Putting it all together, the final code should include:

  1. The initialization of the environment
  2. A first request to the model with the computer tool
  3. A loop that executes the suggested action in your environment
  4. A way to acknowledge safety checks and give end users a chance to confirm actions

To see end-to-end example integrations, refer to our CUA sample app repository.

CUA sample app

Examples of how to integrate the computer use tool in different environments

Limitations

We recommend using the computer-use-preview model for browser-based tasks. The model may be susceptible to inadvertent model mistakes, especially in non-browser environments that it is less used to.

For example, computer-use-preview’s performance on OSWorld is currently 38.1%, indicating that the model is not yet highly reliable for automating tasks on an OS. More details about the model and related safety work can be found in our updated system card.

Some other behavior limitations to be aware of:

Risks and safety

Computer use presents unique risks that differ from those in standard API features or chat interfaces, especially when interacting with the internet.

There are a number of best practices listed below that you should follow to mitigate these risks.

Human in the loop for high-stakes tasks

Avoid tasks that are high-stakes or require high levels of accuracy. The model may make mistakes that are challenging to reverse. As mentioned above, the model is still prone to mistakes, especially on non-browser surfaces. While we expect the model to request user confirmation before proceeding with certain higher-impact decisions, this is not fully reliable. Ensure a human is in the loop to confirm model actions with real-world consequences.

Beware of prompt injections

A prompt injection occurs when an AI model mistakenly follows untrusted instructions appearing in its input. For the computer-use-preview model, this may manifest as it seeing something in the provided screenshot, like a malicious website or email, that instructs it to do something that the user does not want, and it complies. To avoid prompt injection risk, limit computer use access to trusted, isolated environments like a sandboxed browser or container.
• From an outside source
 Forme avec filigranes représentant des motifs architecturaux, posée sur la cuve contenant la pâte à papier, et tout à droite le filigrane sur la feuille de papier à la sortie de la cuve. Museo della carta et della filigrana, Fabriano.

Use blocklists and allowlists

Implement a blocklist or an allowlist of websites, actions, and users. For example, if you’re using the computer use tool to book tickets on a website, create an allowlist of only the websites you expect to use in that workflow.

Send safety identifiers

Send safety identifiers (safety_identifier param) to help OpenAI monitor and detect abuse.

Use our safety checks

The following safety checks are available to protect against prompt injection and model mistakes:

  • Malicious instruction detection
  • Irrelevant domain detection
  • Sensitive domain detection

When you receive a pending_safety_check, you should increase oversight into model actions, for example by handing over to an end user to explicitly acknowledge the desire to proceed with the task and ensure that the user is actively monitoring the agent’s actions (e.g., by implementing something like a watch mode similar to Operator). Essentially, when safety checks fire, a human should come into the loop.
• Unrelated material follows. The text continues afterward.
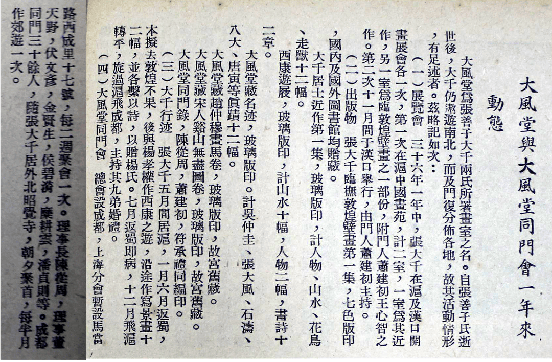 《大风堂与大风堂同门会一年来的动态》(载上海《中国美术年鉴》,1948)

Read the acknowledge safety checks section above for more details on how to proceed when you receive a pending_safety_check.
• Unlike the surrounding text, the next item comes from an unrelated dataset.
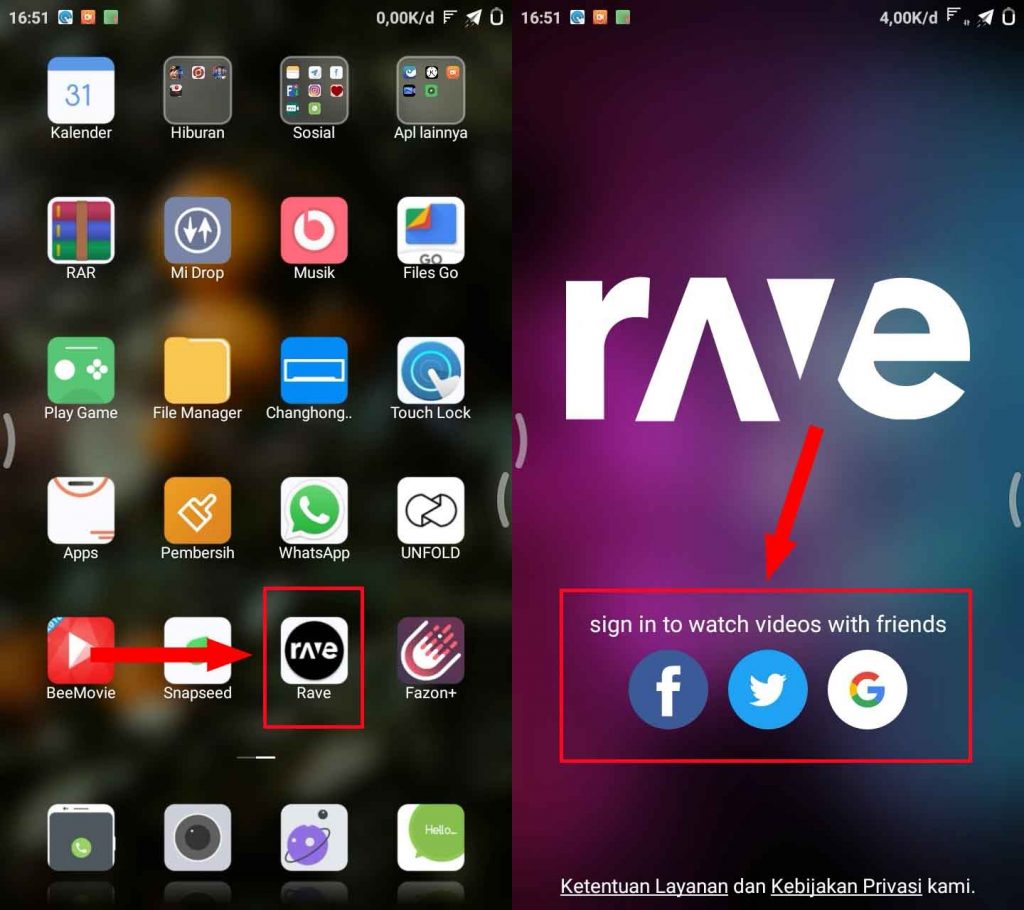2. Selanjutnya kamu bisa membuka aplikasi Rave yang sudah terinstall di smartphone kamu. Kemudian silahkan masuk menggunakan akun media sosial kamu bisa Facebook, Twitter, ataupun akun Google.

Where possible, it is highly recommended to pass in the optional parameter current_url as part of the computer_call_output, as it can help increase the accuracy of our safety checks.

Using current URL
1
2
3
4
5
6
7
8
9
10
{
    "type": "computer_call_output",
    "call_id": "call_7OU...",
    "acknowledged_safety_checks": [],
    "output": {
        "type": "computer_screenshot",
        "image_url": "..."
    },
    "current_url": "https://openai.com"
}

Additional safety precautions

Implement additional safety precautions as best suited for your application, such as implementing guardrails that run in parallel of the computer use loop.

Comply with our Usage Policy

Remember, you are responsible for using our services in compliance with the OpenAI Usage Policy and Business Terms, and we encourage you to employ our safety features and tools to help ensure this compliance.